## INSTRUCTIONS TO FOLLOW:
Word for word, the data below must be repeated in full; no picture is to be included.

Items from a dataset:
========
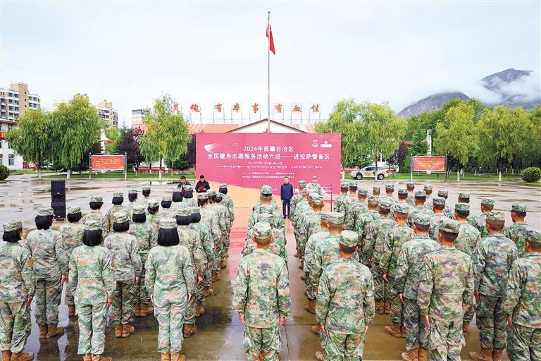 圖為近日,西藏自治區(qū)體育局及體育總會干部職工走進駐藏某部,開展全民健身志愿服務“六進”暨送體育進部隊活動。這是活動現(xiàn)場。通訊員 梁康 記者 唐斌 攝
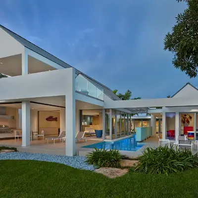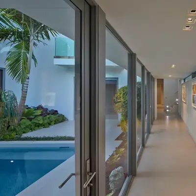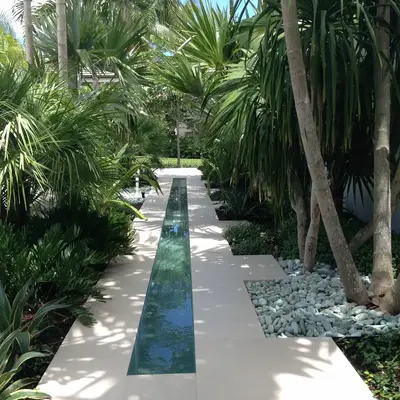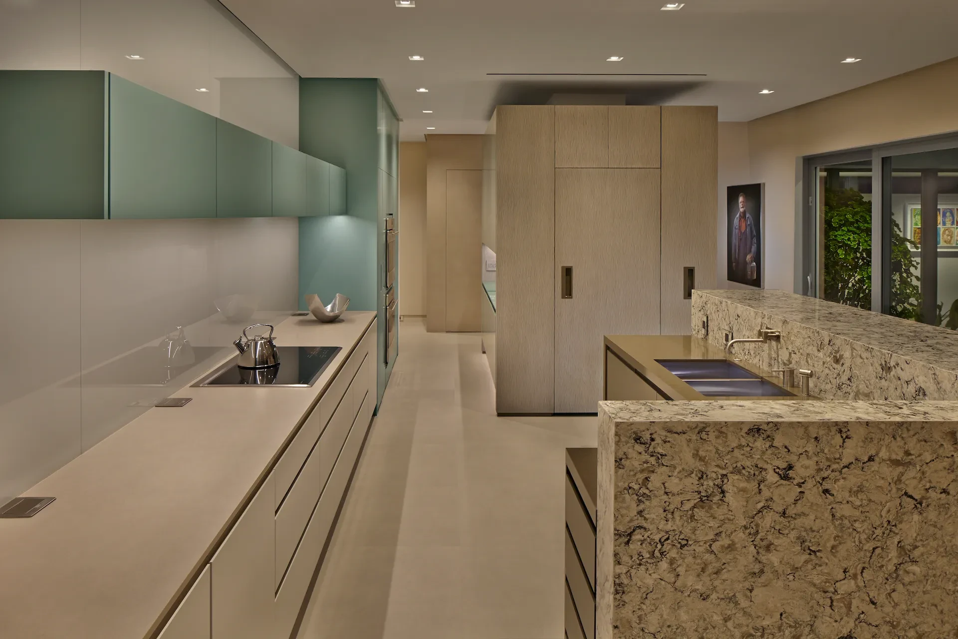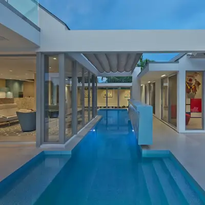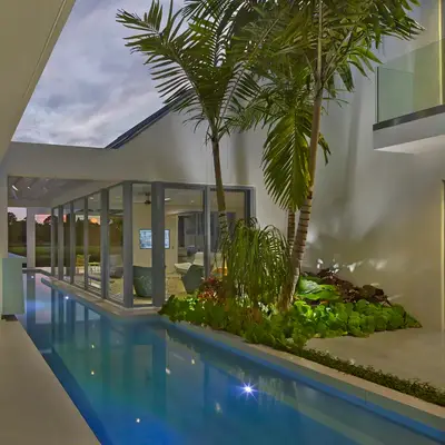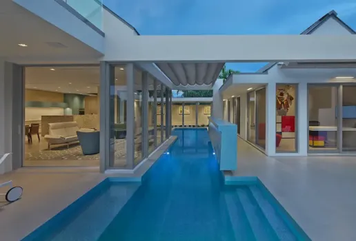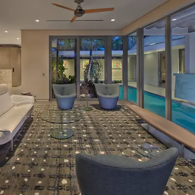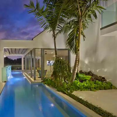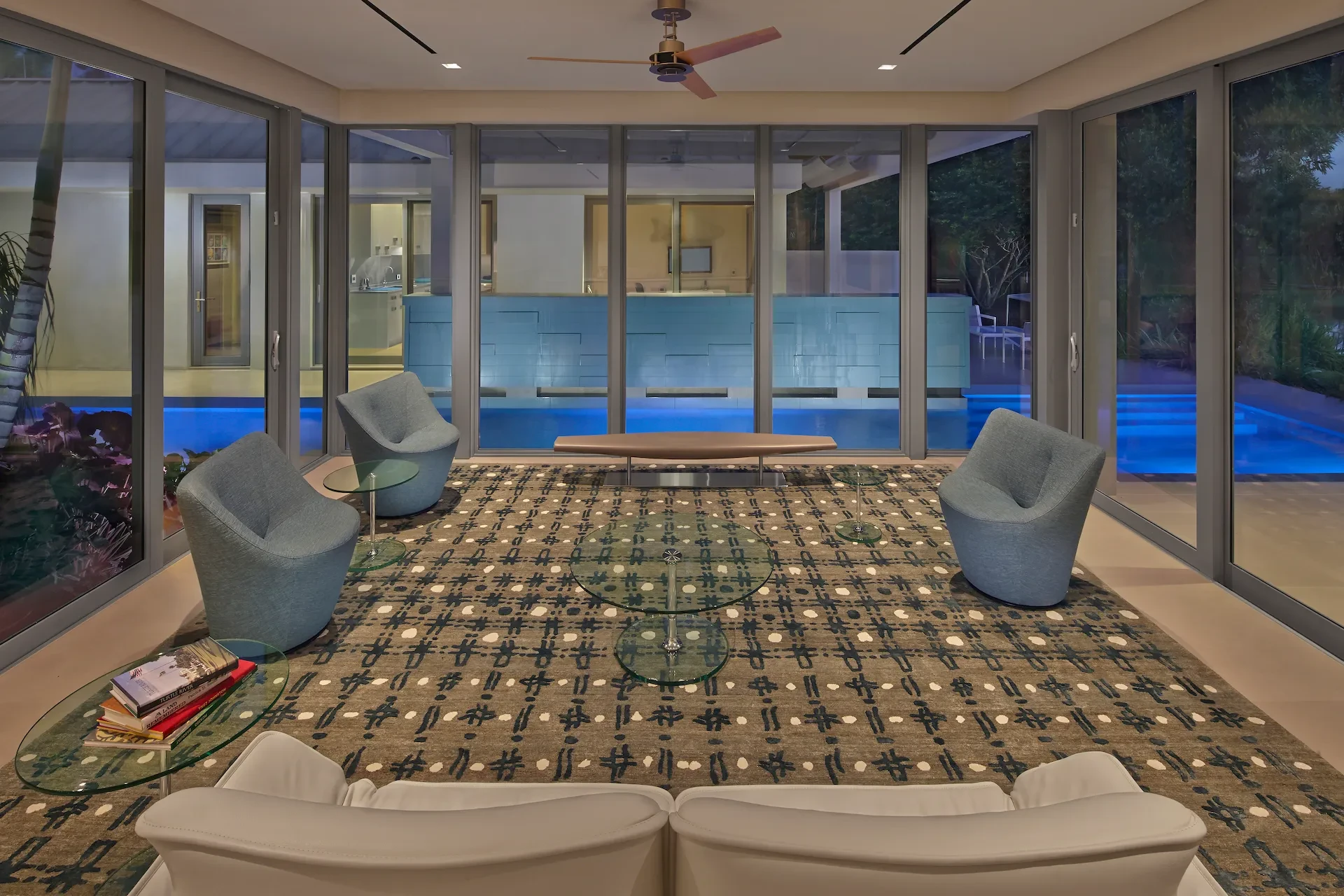 With the help of two great design professionals, interior designer H. Allen Holmes and architect Mitchell O’Neil, this home was magnificently constructed with minimalistic details. All work had to be thoughtfully planned to allow minimalism. We installed the pool, which bisects the home before starting the foundation of the home. Our clients were extremely agreeable to allow the design and construction team to produce extremely “cutting edge” work. The result was perfection.
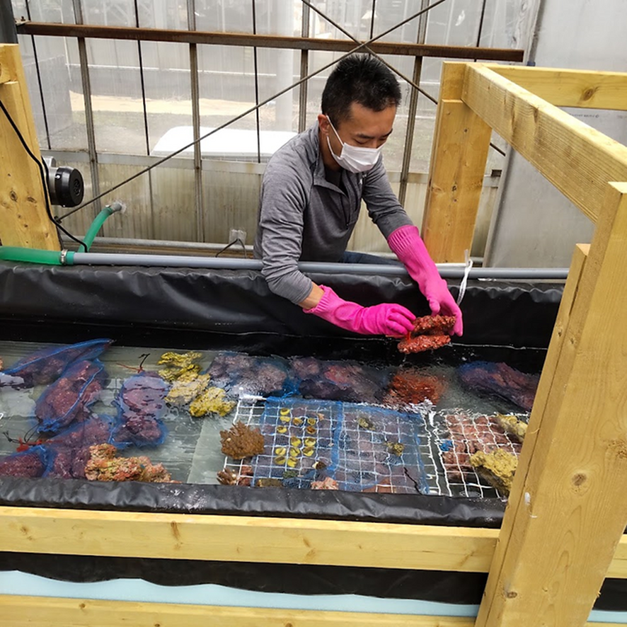 バクテリアで養殖する「人工ライブロック」。水槽は、代表の高橋と二人で製作。
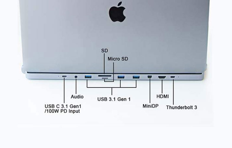 دی جی رول نیز از آلومینیوم تراش خورده با ماشین سی ان سی شکل گرفته و مقاومت بالایی در برابر فشار دارد. در دو رنگ هماهنگ با مک بوک پرو ارائه می شود. تعداد پورت های اضافه شده را می توانید در تصویر زیر مشاهده کنید.
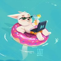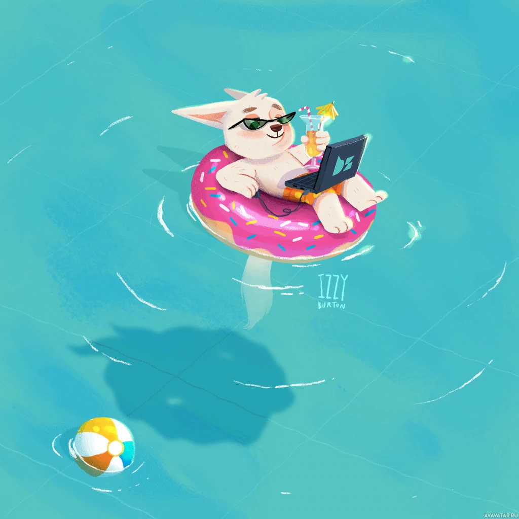 a relaxing time in a pool. The dog is wearing sunglasses and has a laptop on its lap, suggesting it might be browsing the internet or working from home while soaking up some sunlight. There's also a donut nearby, which adds to
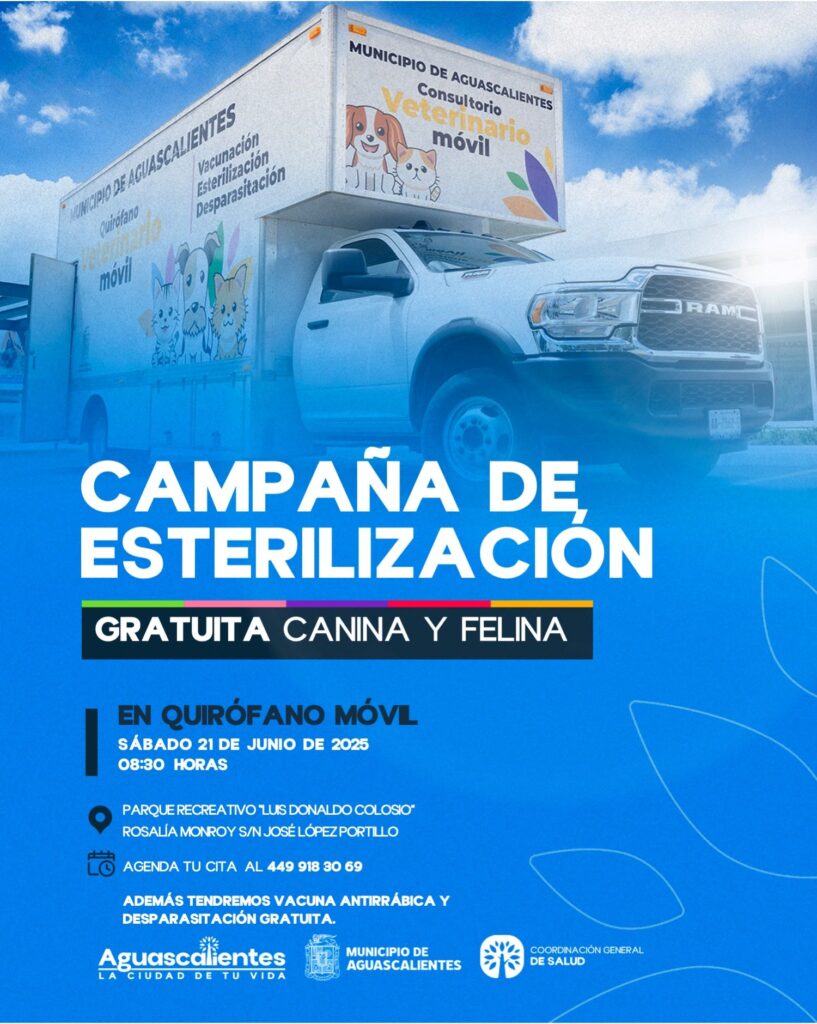 La Coordinación General de Salud del Municipio de Aguascalientes informa que el sábado 21 de junio del 2025 llevará los servicios del Quirófano Veterinario Móvil al parque “Luis Donaldo Colosio”, ubicado en la calle Rosalía Monroy s/n en el fraccionamiento José López Portillo (La Barranca).
========
## OUTPUT:
 圖為近日,西藏自治區(qū)體育局及體育總會干部職工走進駐藏某部,開展全民健身志愿服務“六進”暨送體育進部隊活動。這是活動現(xiàn)場。通訊員 梁康 記者 唐斌 攝
 With the help of two great design professionals, interior designer H. Allen Holmes and architect Mitchell O’Neil, this home was magnificently constructed with minimalistic details. All work had to be thoughtfully planned to allow minimalism. We installed the pool, which bisects the home before starting the foundation of the home. Our clients were extremely agreeable to allow the design and construction team to produce extremely “cutting edge” work. The result was perfection.
 バクテリアで養殖する「人工ライブロック」。水槽は、代表の高橋と二人で製作。
 دی جی رول نیز از آلومینیوم تراش خورده با ماشین سی ان سی شکل گرفته و مقاومت بالایی در برابر فشار دارد. در دو رنگ هماهنگ با مک بوک پرو ارائه می شود. تعداد پورت های اضافه شده را می توانید در تصویر زیر مشاهده کنید.
 a relaxing time in a pool. The dog is wearing sunglasses and has a laptop on its lap, suggesting it might be browsing the internet or working from home while soaking up some sunlight. There's also a donut nearby, which adds to
 La Coordinación General de Salud del Municipio de Aguascalientes informa que el sábado 21 de junio del 2025 llevará los servicios del Quirófano Veterinario Móvil al parque “Luis Donaldo Colosio”, ubicado en la calle Rosalía Monroy s/n en el fraccionamiento José López Portillo (La Barranca).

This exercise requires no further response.